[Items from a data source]
━━━━━━━━━━━━━━━━
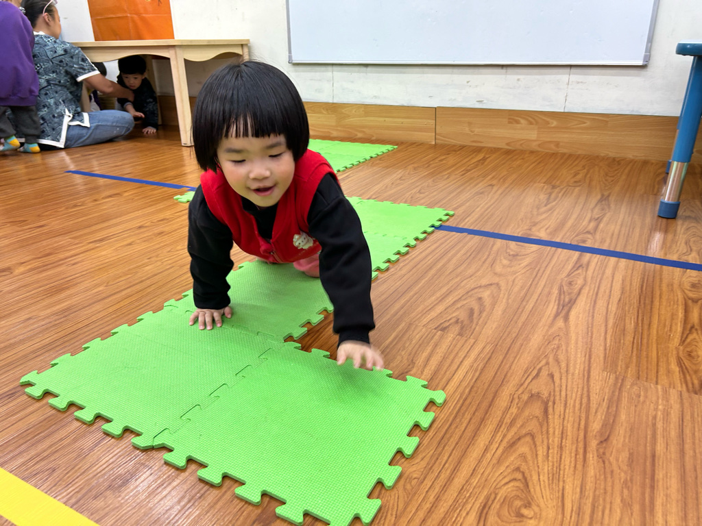 幼兒爬行可增進手眼協調與動作平衡。
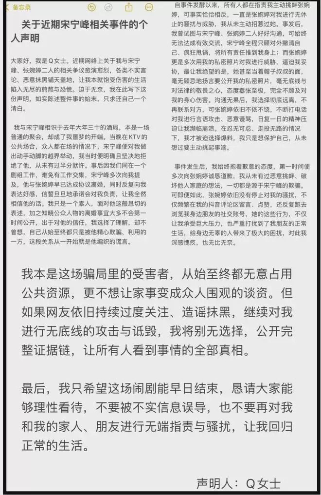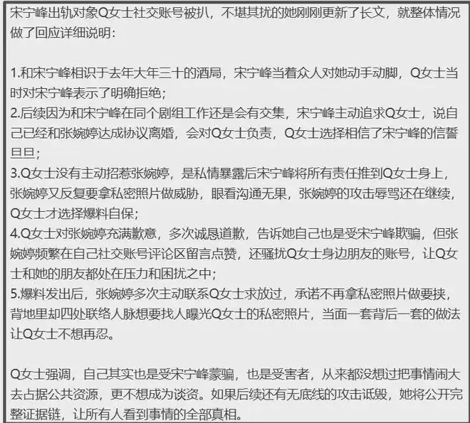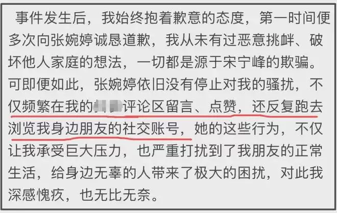不过,比起对宋宁峰的描述,Q女士的矛头似乎更多指向了宋宁峰的妻子张婉婷。她声称自己已多次向张婉婷道歉,但对方“不肯放过她”,不仅以曝光私密照片相威胁,还持续到她的社媒账号点赞、留言,甚至浏览她朋友的账号。
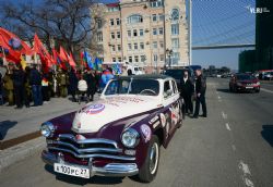 Владивосток. Самый дальний луч автопробега «Звезда нашей Великой Победы» отправился из Владивостока в Москву. Приморье стало одним из пяти регионов России, из которых одновременно по разным маршрутам отправились 25 автомобилей со знаменем Великой Победы. В составе приморской делегации – четыре автомобиля, один из которых отечественная «Победа» 1956 года выпуска. У владивостокской колонны самый протяжённый маршрут - более девяти тысяч километров.
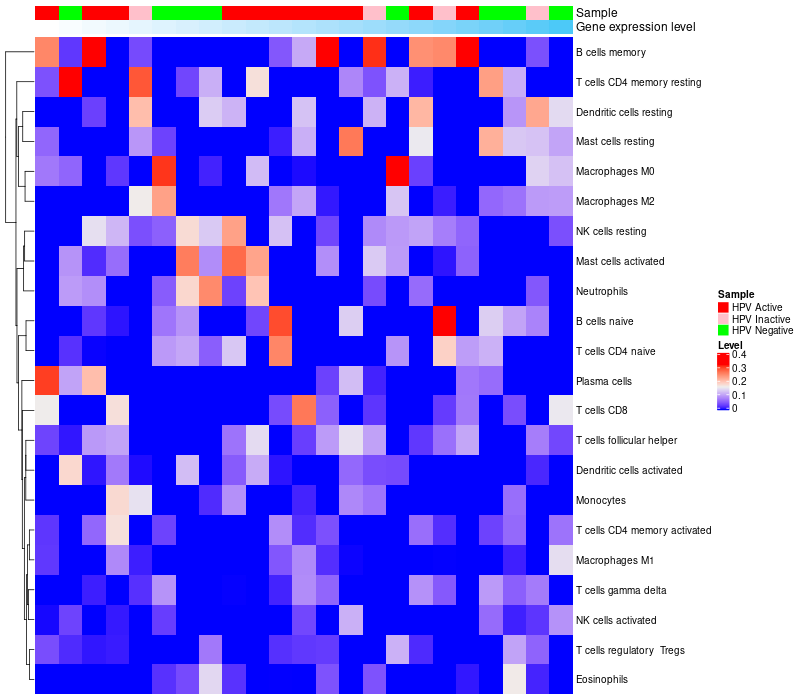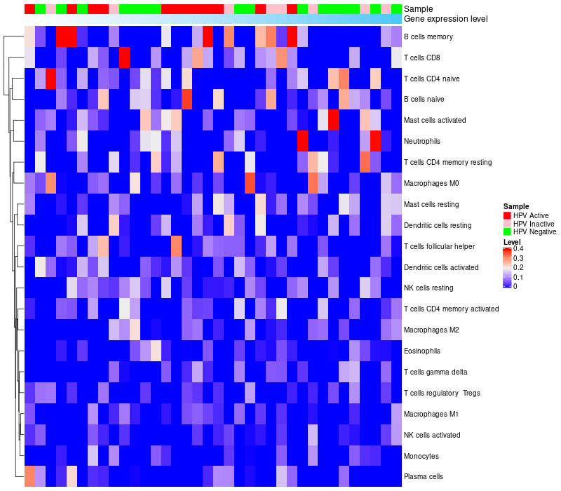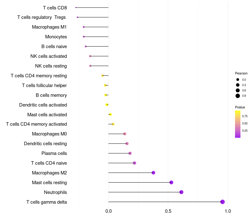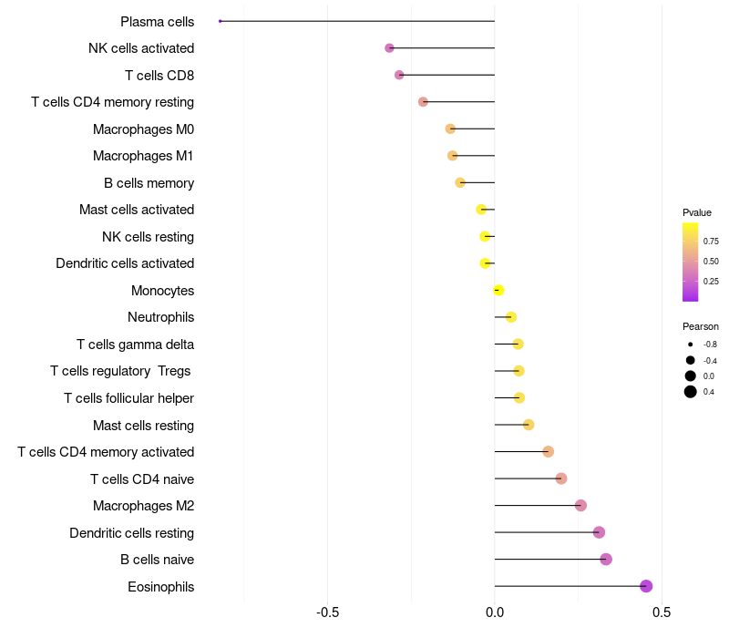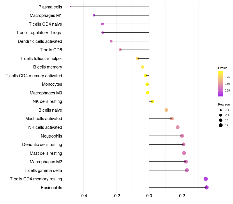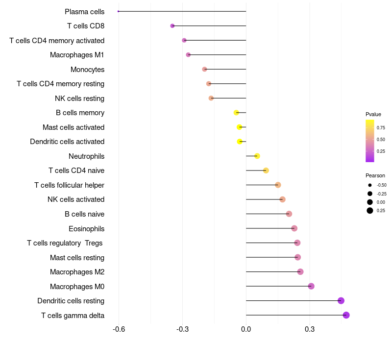 Lollipop of C11orf87 expression and immune infiltrating cell level correlation result in HPV+ samples
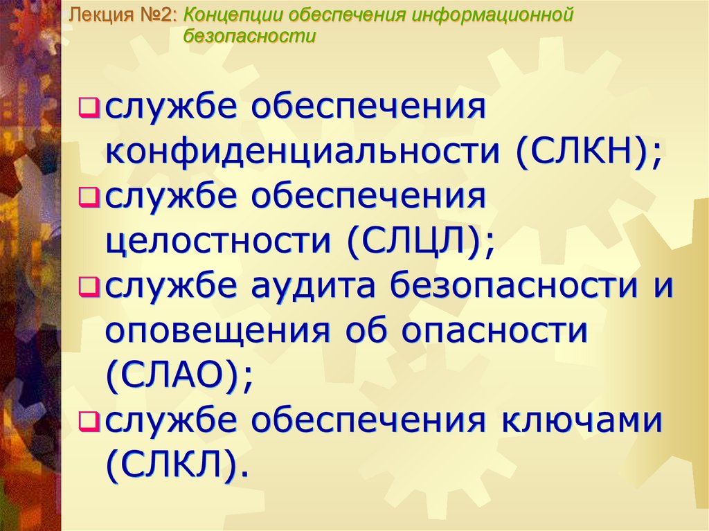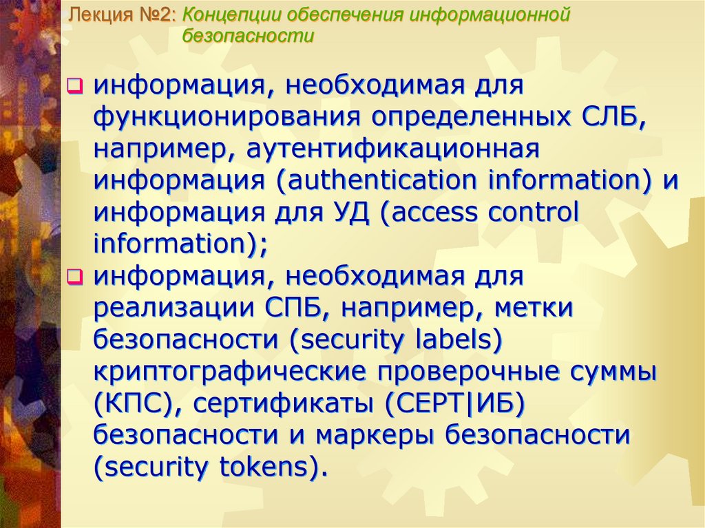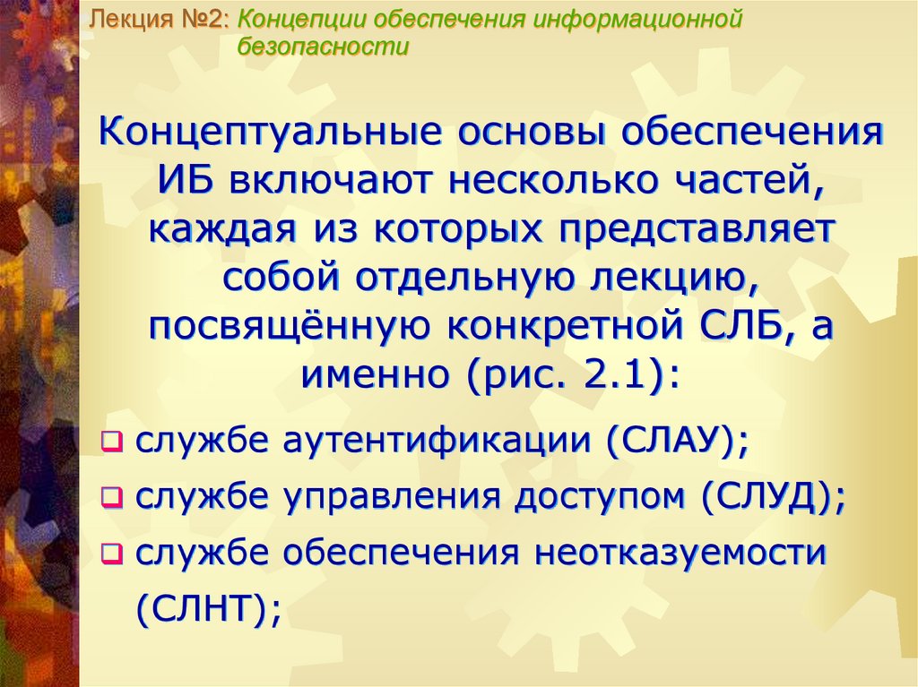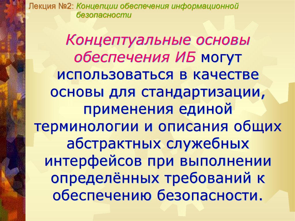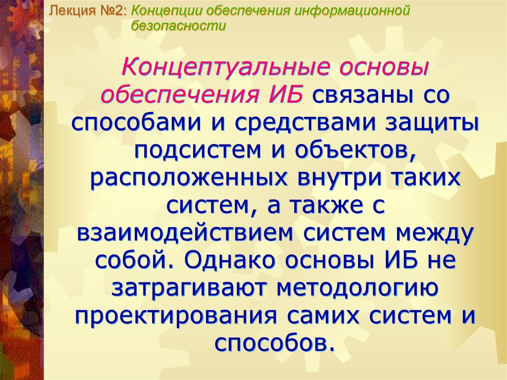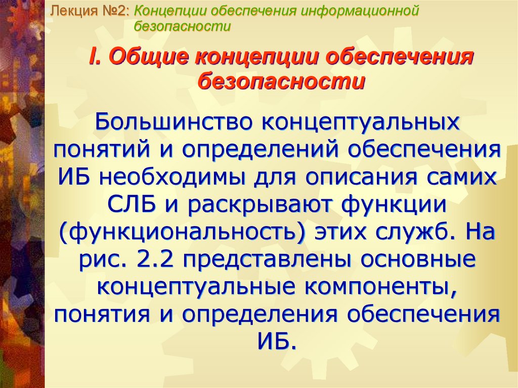 Лекция №2: Концепции обеспечения информационнойбезопасности
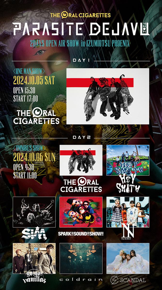THE ORAL CIGARETTESが10月5日・6日に大阪・泉大津フェニックスにて『PARASITE DEJAVU 2024 〜2DAYS OPEN AIR SHOW in IZUMIOTSU PHOENIX〜』を開催する。DAY2はオムニバス形式のイベントとして開催され、最終出演者としてSCANDALが発表となった。
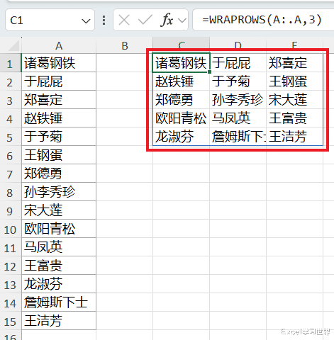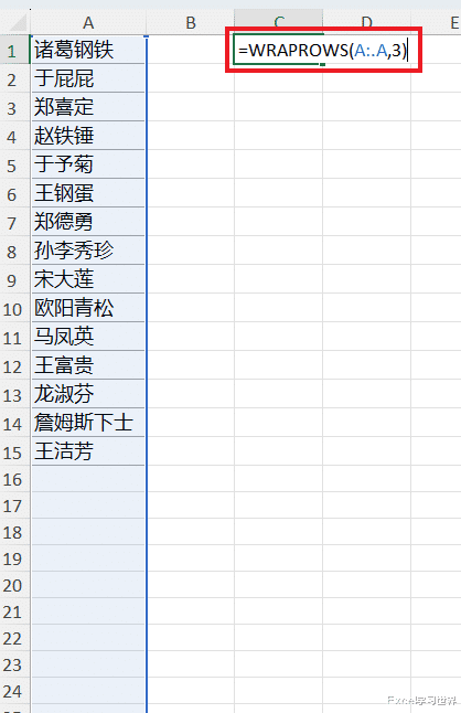 语法为 WRAPROWS(需要转换的区域,行数,要填充的值;默认值为 #N/A);
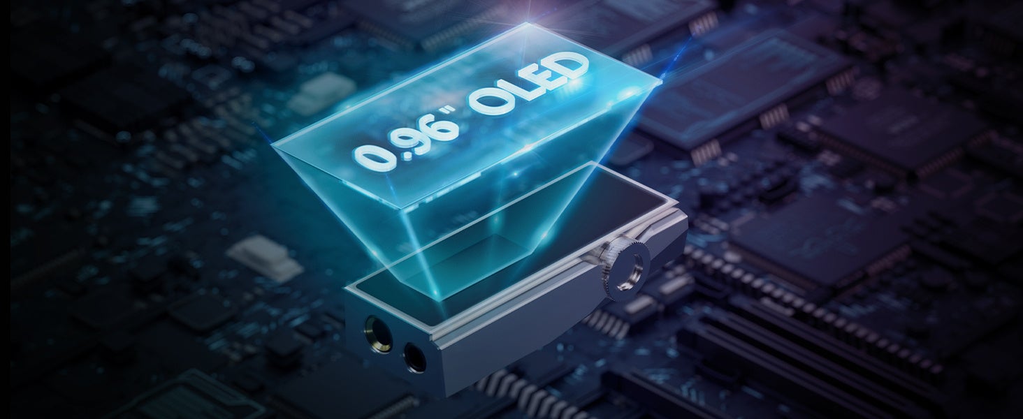 DC07PROは設定項目とステータスの表示に対応した、0.96インチOLEDディスプレイと本体マルチファンクションダイヤルを搭載し、ディスプレイとダイヤルで、内部設定へアクセスと閲覧が可能です。
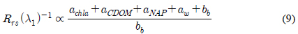 일반적으로 녹색 및 청색파장대의 반사율은 Chl-a 뿐 아니라 CDOM에 의한 흡수와 NAP에 의한 흡수, 산란의 영향을 받고 있어 녹색 및 청색
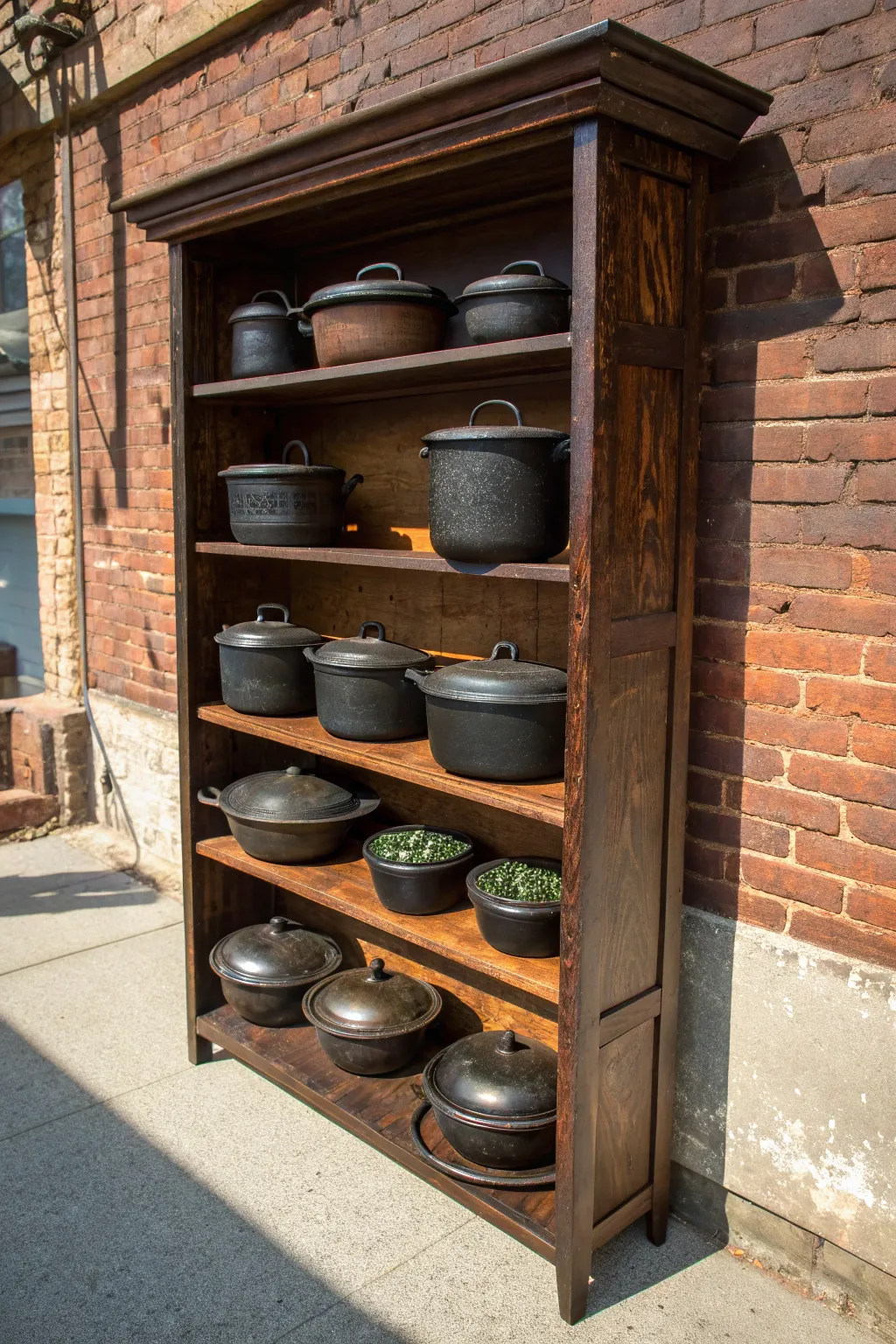 Transform an old bookshelf into a storage unit for your cast iron collection. This adds a personal touch and a sense of history to your storage solution.
━━━━━━━━━━━━━━━━
◆ WHAT YOU SHOULD DO
Reproduce precisely the lines of the entries above, from the one containing "DC07PROは設定項目とス" through the final one, both ends included, and omit the pictures.

◆ OUTPUT
 DC07PROは設定項目とステータスの表示に対応した、0.96インチOLEDディスプレイと本体マルチファンクションダイヤルを搭載し、ディスプレイとダイヤルで、内部設定へアクセスと閲覧が可能です。
 일반적으로 녹색 및 청색파장대의 반사율은 Chl-a 뿐 아니라 CDOM에 의한 흡수와 NAP에 의한 흡수, 산란의 영향을 받고 있어 녹색 및 청색
 Transform an old bookshelf into a storage unit for your cast iron collection. This adds a personal touch and a sense of history to your storage solution.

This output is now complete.